TRY IT: Print the lines below from the line with "文化体验活动中,两校留学生同" to the line with "Graph 5: arw035.png" exactly, keeping both ends, and print no pictures.

MATERIAL PROVIDED:
----

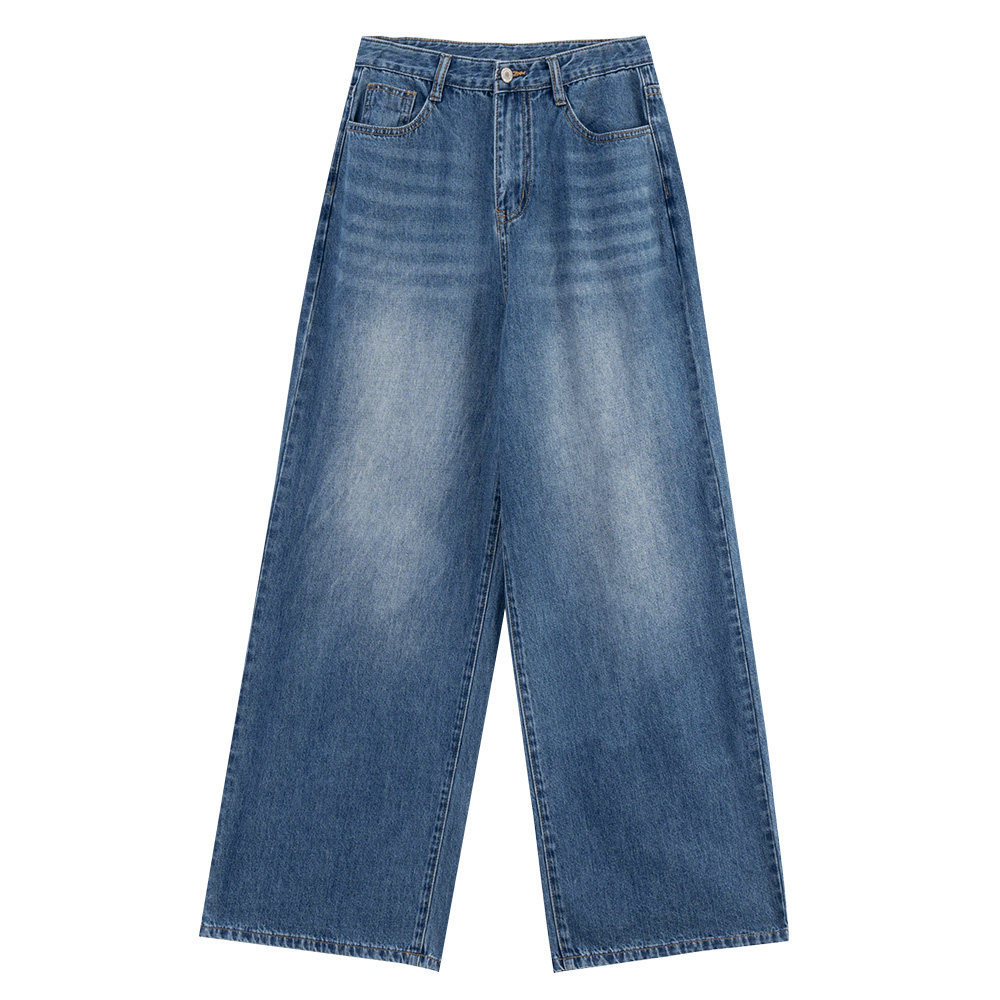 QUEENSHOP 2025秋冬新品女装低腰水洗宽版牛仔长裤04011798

----

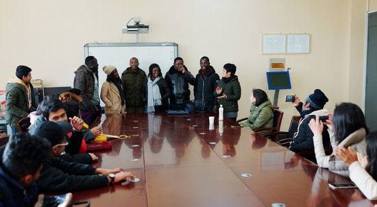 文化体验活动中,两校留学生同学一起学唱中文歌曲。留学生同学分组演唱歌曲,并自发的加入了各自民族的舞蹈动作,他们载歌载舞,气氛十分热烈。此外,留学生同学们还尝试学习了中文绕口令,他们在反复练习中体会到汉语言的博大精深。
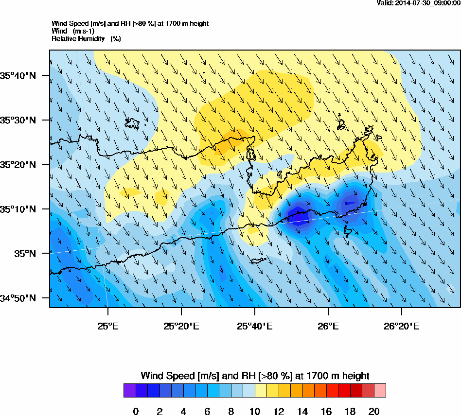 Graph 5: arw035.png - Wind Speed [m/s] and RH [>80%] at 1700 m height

----

ANSWER AREA:
 文化体验活动中,两校留学生同学一起学唱中文歌曲。留学生同学分组演唱歌曲,并自发的加入了各自民族的舞蹈动作,他们载歌载舞,气氛十分热烈。此外,留学生同学们还尝试学习了中文绕口令,他们在反复练习中体会到汉语言的博大精深。
 Graph 5: arw035.png - Wind Speed [m/s] and RH [>80%] at 1700 m height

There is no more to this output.